Pastor’s Ponderings for July
While I always think of American Independence this month, I just found out that it is also the month of earth’s aphelion. Say what? This is when the earth’s yearly orbit around the sun takes it farthest away from the sun, about 1½% father away than it is at its perihelion, or its closest point to the sun, during January. What makes it really interesting, and odd to our thinking, is that some of our hottest days, (in the northern hemisphere), occur when our planet is farthest away from the sun, and our coldest days when we are closest to the sun. That’s because our temperature is controlled by the tilt of the earth on its axis, not its orbit around the sun.

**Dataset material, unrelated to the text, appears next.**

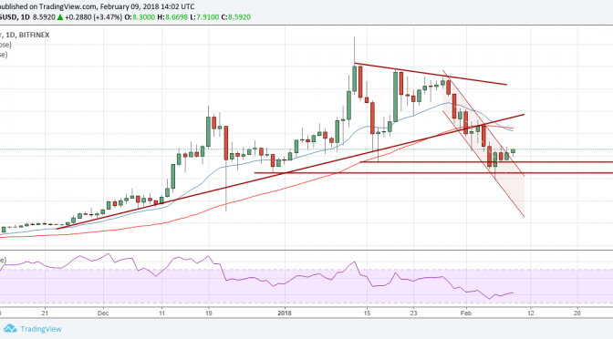 has broken out of the descending channel, which points to a waning bearish momentum. However, it has been facing resistance close to the $8.97 mark for a couple of days. A break above this level is likely to propel the cryptocurrency higher towards $10 and then to $12.

In the northern hemisphere, during the summer months, the earth’s position on its axis makes the northern hemisphere closer to the sun than the southern, exposing our hemisphere to more of the sun’s light than the south, hence we are in summer and they are in winter. Since there is more land mass in the north than water, we collect more of the sun’s heat and it’s hot. In the south, even when they are rotated “closer” to the sun, there is more water than land mass, so the temperatures are moderated. (If all this sounds confusing, ask a science teacher, like Brian Davis—he’ll have a whole lot more time and space than one column in Tidings to explain it.)
But all that brings two thoughts to my mind. The first concerns the wonders of our Creator. He designed our planet so that we would experience the seasons—Genesis 8.22 says: As long as the earth endures, seedtime and harvest, cold and heat, summer and winter, day and night will never cease—but so that we would experience them comfortably. He made the summer come in the northern hemisphere at the time when the earth was farthest away from the sun. And in the southern hemisphere, He made the land mass less to regulate the temperature, (water takes longer to heat and dissipates it more quickly.) God is so wise.

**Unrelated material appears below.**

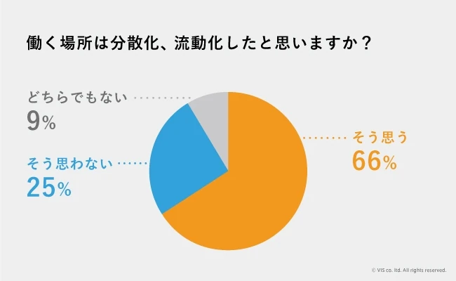 「働く場所は分散化、流動化した」と思う割合は66%にのぼりました。

The second has to do with our relative nearness to God. James 4.8 says: Come near to God and He will come near to you. There are times in our lives when we sense that we have been led to places that seem far from God, that we, in our “orbits,” have been taken far from the “Son.” I do not speak of those times we have run from God on our own. Rather, I speak of those times when God has sent us on errands seemingly far from the center of His Presence, way out of the comfort of His people and fellowship. At those times we need to “turn on our axis,” and lean toward the Son. We need to draw near – ever nearer – to Him at those times and experience the warmth of His Presence.
So, this month when you begin to feel the heat, remember that while the earth is as far away as it’s going to get from the sun, it’s warm because it’s tilted toward the sun, and that’s part of the wonder of God’s creation. And remember, too, that you can be just as “warm” as you “tilt” toward Him, even from “far away.” You think about that.